Валерия. Роман о любви - Юлия Ершова
Шрифт:
Интервал:
«Нет, — крикнула Лера и метлой запустила в глубину воспоминаний, в отставного мужа. — Ему здесь не место. Слава не любит Сосновку, Сосновка не любит Славу». Отстрелявшись, Лера вдохнула полной грудью весну: жажда любви наполняла воздух.
— Ой! Лерка! — возвращает её на землю знакомый голос. — А я гляджу, нехто таки мётлами кидаецца! Ну, дачушка, ходи сюды.

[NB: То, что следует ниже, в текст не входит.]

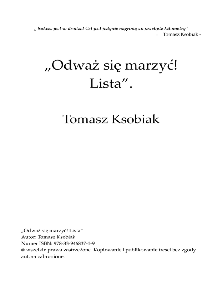 „ Sukces jest w drodze! Cel jest jedynie nagrodą za przebyte kilometry” – Tomasz Ksobiak - „Odważ się marzyć! Lista”. Tomasz Ksobiak „Odważ się marzyć! Lista” Autor: Tomasz Ksobiak Numer ISBN: 978-83-946837-1-9 @ wszelkie prawa zastrzeżone. Kopiowanie i publikowanie treści bez zgody autora zabronione. Sukces jest w drodze! Cel jest jedynie nagrodą za przebyte kilometry. To zdanie jest kwintesencją mojego dotychczasowego życia. Mam nadzieję, że dla Ciebie stanie się motywacją do faktycznego działania! „Sukces jest w drodze...”, to również metoda na życie, którą staram się propagować i przekazywać każdemu, kto chce stać się świadomym kreatorem własnego życia. To swego rodzaju program coachingowy oparty o 48 możliwości wprowadzania zmian i dążenia do sukcesu: sześć obszarów życia na ośmiu poziomach uczenia się i zmiany. Każdy człowiek na świecie – ja, Ty, Twoi znajomi, rodzina czy przyjaciele działa w sześciu zasadniczych obszarach, w których może budować szczęście i sukces. Należą do nich: praca, zdrowie, relacje międzyludzkie, czas wolny, rozwój osobisty i finanse. Każdy z nich jest równie ważny a na dodatek wszystkie wzajemnie się przenikają. Bez wprowadzania zmian w każdym z tych obszarów jednocześnie nie jest możliwe zbudowanie naprawdę szczęśliwego życia człowieka sukcesu! Dlatego należy bezwzględnie dążyć do wprowadzenia w każdym z wymienionych obszarów jak największej ilości pozytywnych zmian oraz dbać o utrzymanie równowagi pomiędzy poszczególnymi aspektami: 1. Praca: prawdziwy sukces daje połączenie pracy zawodowej z pasją. Tylko wówczas możesz odczuwać satysfakcję finansową, ale również w pełni poświęcić się każdemu zadaniu bez konieczności angażowania ogromnych nakładów energii na jego wykonanie. Praca nie będzie Cię męczyć i jest wielce prawdopodobne, a w zasadzie pewne, że nie będziesz wyczekiwał kolejnego weekendu już od poniedziałku! Wręcz przeciwnie – w piątek zaczniesz odliczać godziny do początku nowego tygodnia. 2. Zdrowie: chyba nie potrzeba tłumaczyć tego aspektu naszego życia. Dobre zdrowie to sprawne ciało i umysł. Sprawne ciało, to możliwość bezproblemowego funkcjonowania w środowisku a wolny od obciążeń chorobowych umysł jest kreatywny i potrafi rozwiązać każdy pojawiający się problem. 3. Relacje międzyludzkie: Ci, z którymi przebywasz – koledzy z pracy, rodzina, znajomi i przyjaciele mają na Ciebie potężny wpływ! To właśnie oni bezpośrednio wpływają na Twoją osobowość i fakt, czy działasz nad polepszeniem własnego życia, czy wręcz przeciwnie – stoisz w miejscu. Ludzie, z którymi przebywamy, spotykamy się na różnych poziomach życia dosłownie „kodują” nasze umysły. Od Ciebie tylko zależy, czy to kodowanie będzie negatywne, czy pozytywne. 4. Czas wolny: to jedna z najważniejszych rzeczy w Twoim życiu! Przecież ono nie polega tylko na wykonywaniu określonej pracy i zarabianiu pieniędzy na potrzeby swoje i Twoich bliskich! Musisz pamiętać o tym, że jeśli nie potrafisz dać sobie odrobiny wolnego czasu każdego dnia, to jest wielce prawdopodobne, że niebawem staniesz się sfrustrowany i być może nabawisz się depresji, która bardzo ograniczy lub nawet uniemożliwi Ci jakikolwiek rozwój! 5. Rozwój osobisty: chyba najbardziej zaniedbywany obszar! Ciągły pośpiech, wyścig szczurów, brak czasu na „cokolwiek” sprawia, że dzisiejszy człowiek praktycznie w ogóle nie rozwija się wewnętrznie! Pomyśl, czy nie warto zatrzymać się choć na chwilę i zainwestować w siebie! 6. Finanse: pewnie uważasz pieniądze za najważniejsze w Twoim życiu. Przecież bez nich nie zrobisz praktycznie nic, prawda? Owszem – prawda! Różnica jednak pomiędzy ludźmi sukcesu (dbającymi o wszystkie sześć wyżej wymienionych obszarów) a „całą resztą” polega na tym, że ci pierwsi określają ile chcą zarabiać i według tego wskaźnika planują wszystko dookoła (w tym pracę czy rozwój osobisty), drudzy natomiast są „niewolnikami pieniądza” i przystosowują siebie i otaczającą ich rzeczywistość do ilości zarabianych pieniędzy. Widzisz różnicę? Wierzę, że skoro czytasz tę książkę, to jesteś właśnie na etapie chęci do wprowadzenia w swoje życie poważnych zmian. Zrobiłeś pierwszy, najtrudniejszy krok – podjąłeś decyzję, że chcesz coś (cokolwiek) zmienić! Już sam fakt podjęcia takiej decyzji stawia Cię w kręgu zwycięzców, choć musisz wiedzieć, że maraton jeszcze przed Tobą. Niemniej decyzja pozwala Ci
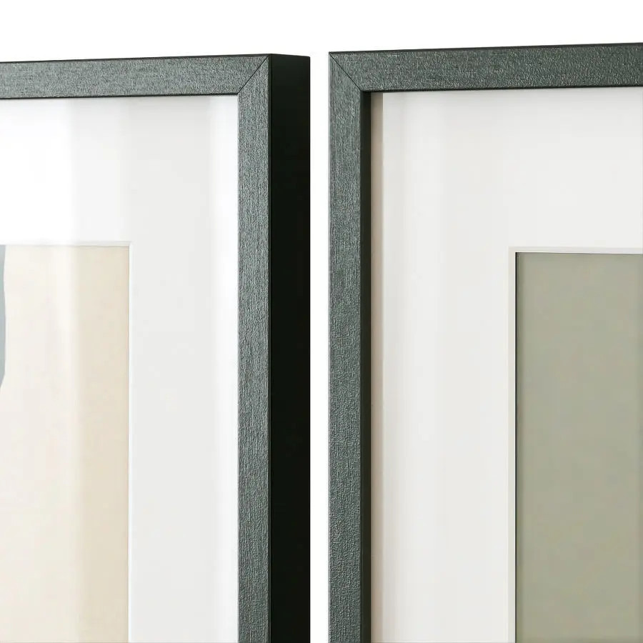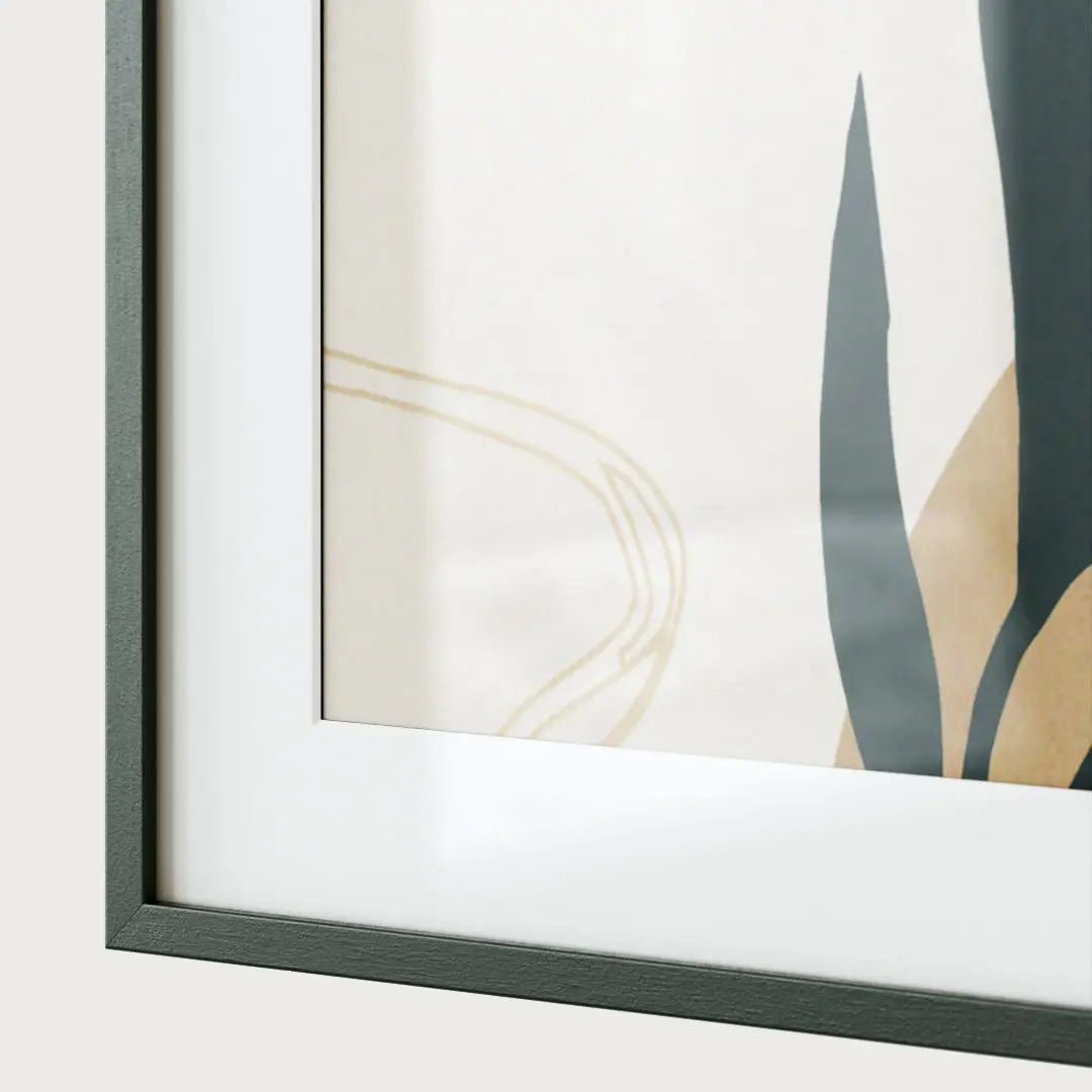 A set of three abstract posters in wooden frames.

На песчаной дороге около приземлившейся метлы возникает соседка тётя Ира и, щурясь, вглядывается в лицо Леры. Губы той растягиваются в смущённой улыбке, а глаза приобретают выражение оторопевшей наивности. Как объяснить полёт метлы, Лера не знает, поэтому просто обняла добрую соседку. Та расцеловала «дачушку» в губы, отчего Лере захотелось поморщиться, но виду она не подала.
— Ну! И чаму да мяне не зайшла? Га? — спрашивает соседка, не выпуская из объятий пыльную (запылённую?) Леру. — А чаму хлопца не узяла? Я яго запытать хоцела, ци не ведае ён Игара Кожуха? Це мой пляменник, вучыца з им на факульцеци.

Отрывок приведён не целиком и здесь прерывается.